An analysis released by a left-wing think tank, the Center for Progressive Reform, said that the White House has “already initiated or completed” 53% of the policies in the document.

A separate Project 2025 tracker using different methodology came up with roughly the same figure at 51%.

Proposals in Project 2025 that have been enacted since Trump returned to the White House include:

A halt to billions of dollars of foreign aid

Moves to end federal diversity, equity, inclusion (DEI) programmes

Increases in the scope and scale of immigration enforcement

An end to federal funding of public broadcasters NPR and PBS

In a section on immigration, the document proposed authorising military troops to seal the country’s borders, eliminating protected enforcement zones such as schools and churches, sweeping workplaces for undocumented migrants and boosting the number of detention facilities for prospective deportees.

These are all measures the Trump administration has since implemented.

Trump’s foreign policy has also echoed elements of Project 2025.

A chapter on foreign policy, which includes a section on Venezuela, stops short of calling for the removal of President Nicolás Maduro – something the Trump administration did earlier this year.

But it reads: “To contain Venezuela’s Communism and aid international partners, the next Administration must take important steps to put Venezuela’s Communist abusers on notice while making strides to help the Venezuelan people.”

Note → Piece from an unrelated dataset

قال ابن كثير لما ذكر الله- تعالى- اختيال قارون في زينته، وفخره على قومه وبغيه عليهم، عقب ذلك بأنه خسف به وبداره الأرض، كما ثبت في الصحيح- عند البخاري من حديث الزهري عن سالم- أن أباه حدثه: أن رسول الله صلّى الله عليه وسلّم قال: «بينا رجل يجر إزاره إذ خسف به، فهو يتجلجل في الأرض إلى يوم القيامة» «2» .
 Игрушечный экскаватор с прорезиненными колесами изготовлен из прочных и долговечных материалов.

The document also mentions three other South American countries – Colombia, Guyana, and Ecuador – which it says are “either increasingly regional security threats… or are vulnerable to hostile extra-continental powers” such as China and Russia.

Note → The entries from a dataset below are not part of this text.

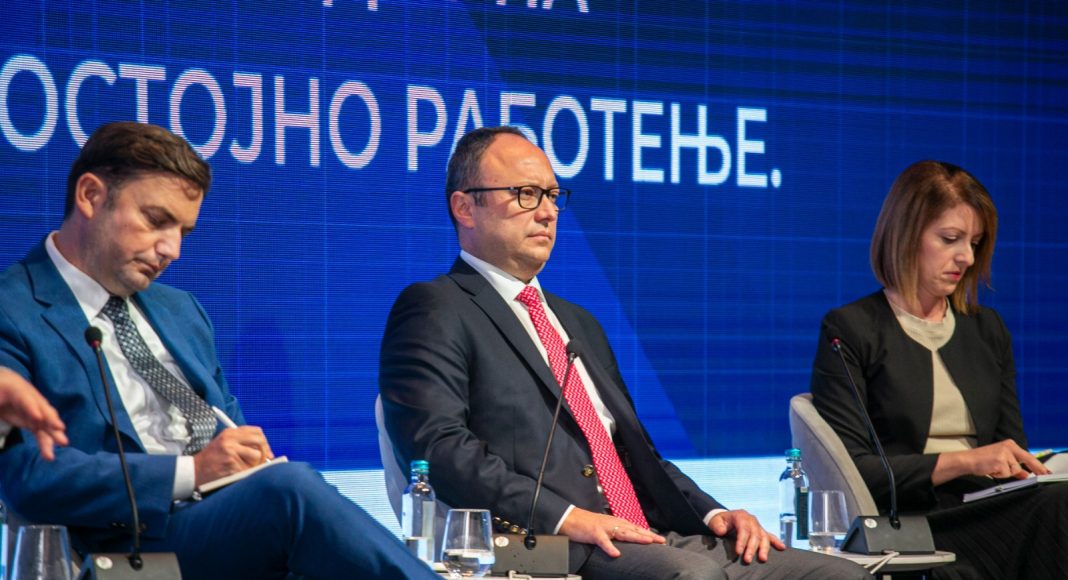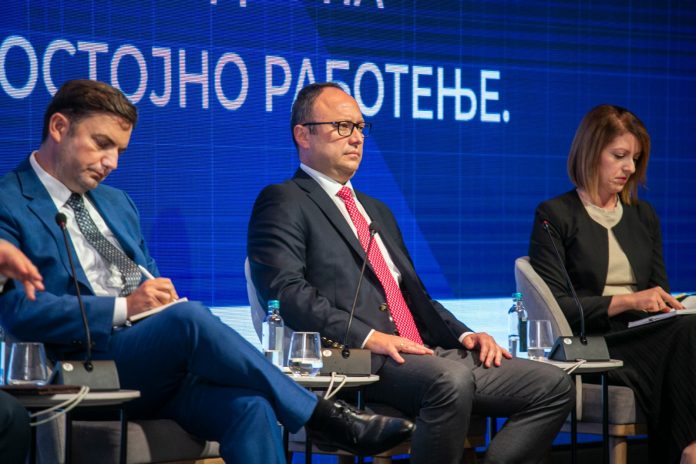 „Согласно Фискалната стратегија, предвидена е етапната фискална консолидација за намалување на буџетскиот дефицит како % во БДП и тоа од 4,2% во 2023 година до 2,8% во 2027 година, како и подобрена структура на јавните финансии со значајно учество на капиталните расходи од 4% во БДП на годишно ниво. Во контекст на постепената фискална консолидација е и претпазливото и стратешко менаџирање на јавниот долг. Во оваа насока ќе го споменам и инструментот ПЛЛ за кој Мисијата на ММФ минатата недела ни даде зелено светло, но и излегувањето на германскиот пазар со обврзница по значително поповолни услови од оние на глобалниот пазар на капитал“, истакна Николоски, притоа нагласувајќи дека мора да се имаат предвид и предизвиците со кои се соочуваме, како енергетската и ценовната криза, а кои бараат и соодветен фискален одговор.
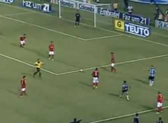 L’ambiance est chaude, le stade plein et les joueurs un peu surexcités. A l’image de ce “tacle” assez inhabituel sur un terrain de football. Un subtil mix entre un coup de pied circulaire et un free kick.
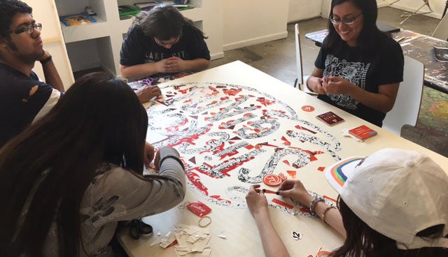 We did a video all about Access Gallery that you can watch here to see more about them and how we came together on this sticker art. Also. Checkout the photos below of them creating this new art piece for us:
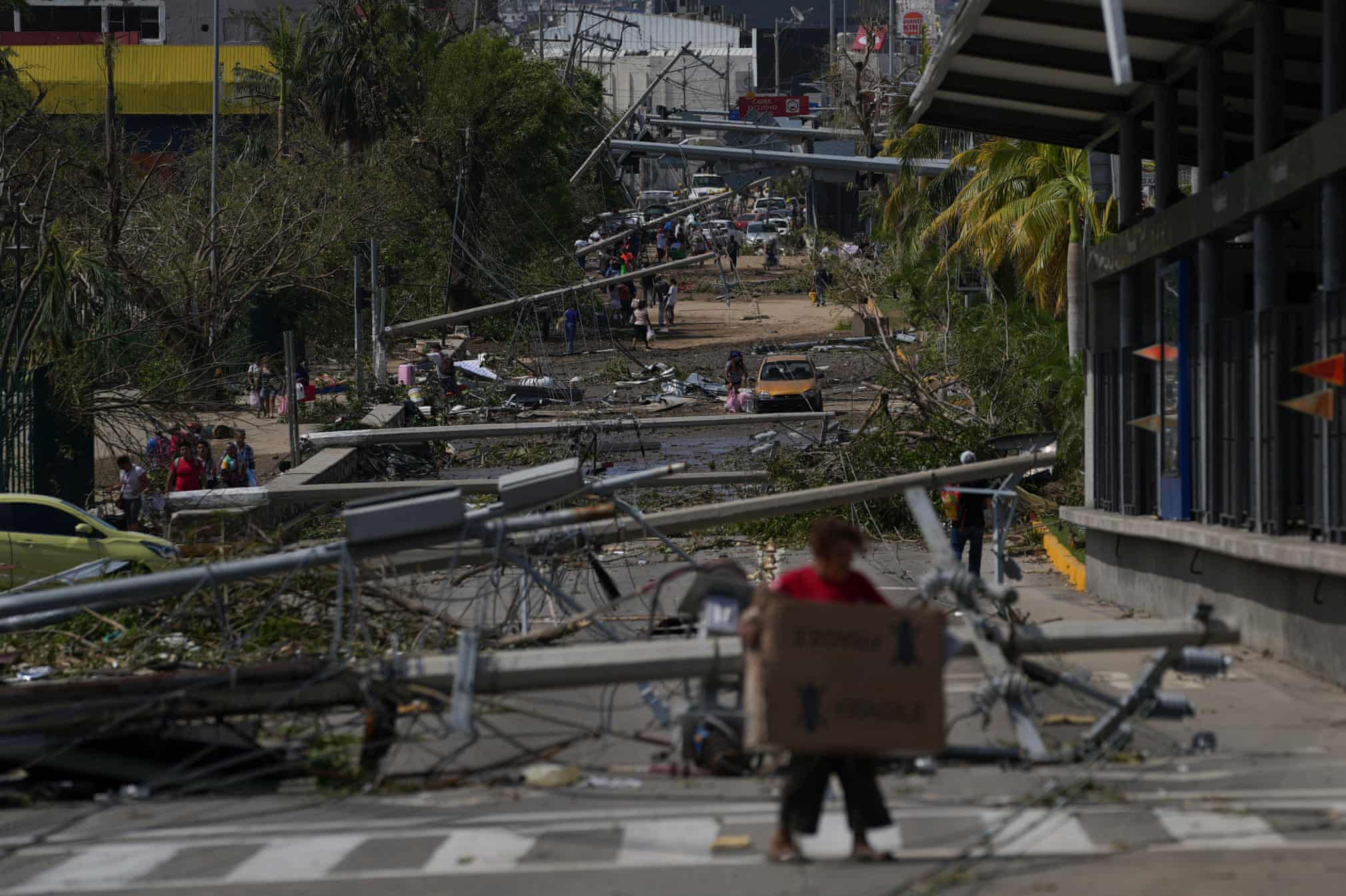 Acapulco, Mexico - Quang cảnh đổ nát của một khu đường phố sau khi cơn bão Otis quét qua Acapulco. Cơn bão, cấp 5, quét qua thành phố nghỉ mát của Mexico, phá hủy nhà cửa, khách sạn, bệnh viện và để lại dấu vết tàn phá trên đường phố. (Ảnh: Félix Márquez/AP)
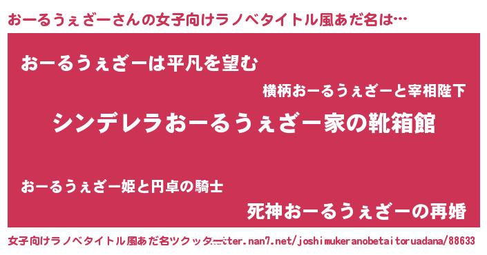 | 意味不明あだ名 | 『とにかく怪しいおーるうぇざー』 |
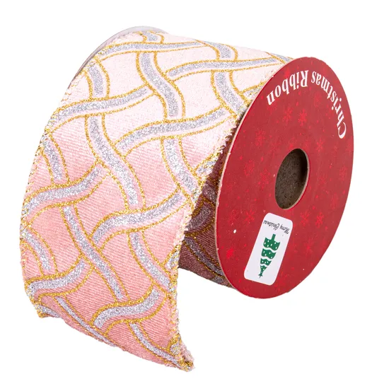 Fita Decorativa de Natal Rosa com Desenho Ondulado de Glitter Dourado e Prateado 6 CM X 2,7 M
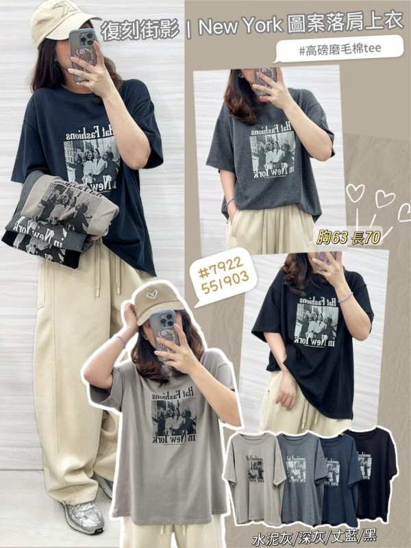 7922 New York 圖案高磅磨毛棉上衣

“The US has an opportunity to lead these democratic neighbors to fight against the external pressure of threats from abroad and address local regional security concerns,” its authors wrote.

The 2025 US National Security Strategy identifies China as a leading adversary and, in a section on the Western Hemisphere, states: “The choice all countries should face is whether they want to live in an American-led world of sovereign countries and free economies or in a parallel one in which they are influenced by countries on the other side of the world.”